North Korea continues to flex its supposed-nuclear muscle and threaten its neighbor to the south. Whenever I read about such political or social unrest, I ponder the reasons. But when I have traveled to the destination where trouble brews – my heart aches.
In 1978, I traveled to South Korea as an ambassador with Friendship Force. Started by Jimmy Carter in the 1970s, Friendship Force seeks to promote understanding among various cultures around the world through exchange programs of ordinary people.
I was 23 years old and applied with a group from the town where I lived at the time. Ambassadors are chosen to represent a variety of ages and professions. As the youngest person and the only person who worked in a Catholic Church as an educator, I was selected. We paid our fee ($250) for the adventure before we knew where we were going. This sequence encourages people to participate with goodwill in mind, not dream vacation destination plans.

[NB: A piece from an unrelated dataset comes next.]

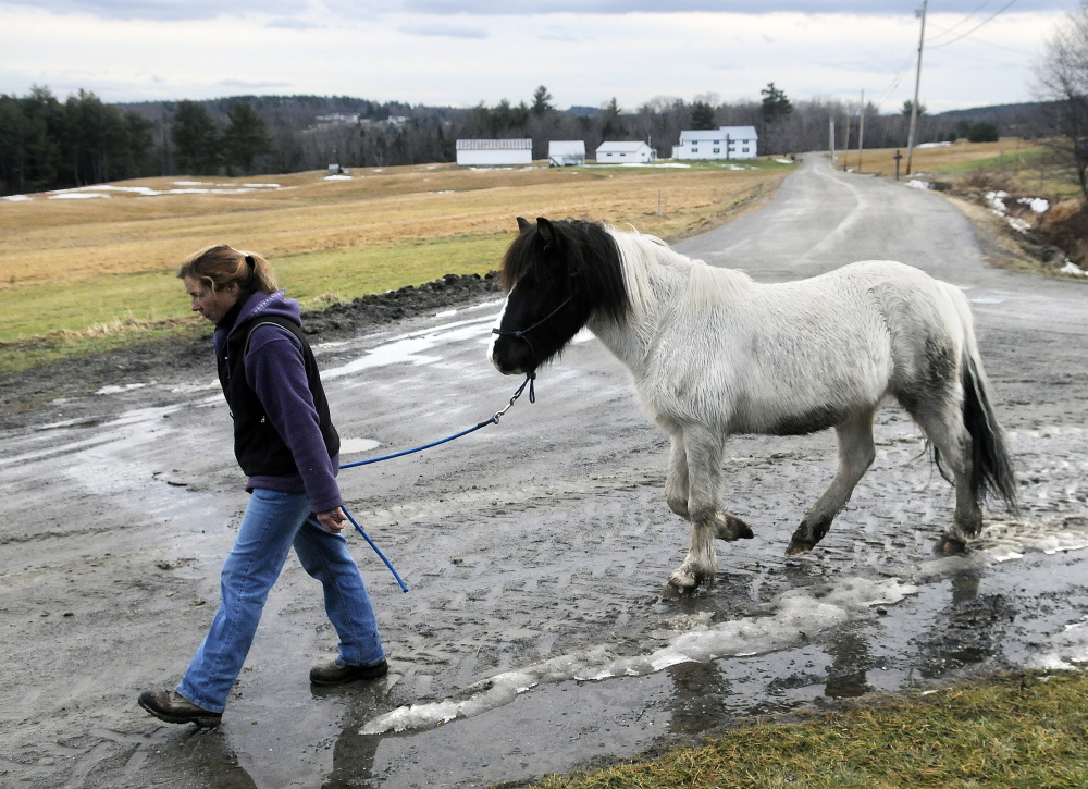 Lisa Kane, of South China, leads an Icelandic horse to a barn in 2014 at Maine Lee Morgan Horse Farm in Manchester. Farm owner Deb Plengey, 66, hopes the farm’s 250 acres stay farmland even after she’s no longer farming.

Once accepted we met a delegation from Korea at a hotel in Olympia where our destination was announced and we learned a bit about the culture. A few months later we boarded a plane and landed in Seoul. A young woman greeted me, she would be my host for 5 of the 10 days. She was lovely and curious about me and worked as an artist (metallurgist) creating jewelry. She lived with her grandmother and – quite unusual – was divorced. Her husband was granted unquestioned custody of their son. We spent our days working to communicate and traveling around the city. I bathed at a community bath house, walked through a university campus and rode a bus with a zillion people packed on board. I loved it. My hosts laughed when I took a bite of kim chi and my eyes watered with endless tears... I spent the remaining five days with Maryknoll sisters who lived and worked out in the country. They had a clinic. We walked through the heat one day, following a tiny little girl across the rice fields; she took us to her grandmother’s home (a small hut). The grandmother suffered from debilitating arthritis and was unable to get off the floor. The sisters were angels of care and compassion and the only Caucasian people in the community. So when I arrived, I was a huge novelty. I played soccer with the kids in the dirt road and they wanted to caress my forearm – so taken with its light color. I learned some phrases and they giggled endlessly. (I later learned that I was using the formal expression, reserved only for adults, not children.) I hold tender memories from the kindness of these people.
And so, today, my heart aches and I wonder about Young Ja and her now-adult son and the Maryknoll Sisters who continue to care for the ill of that small community – a land described as “The Land of the Morning Calm.” I pray it is so.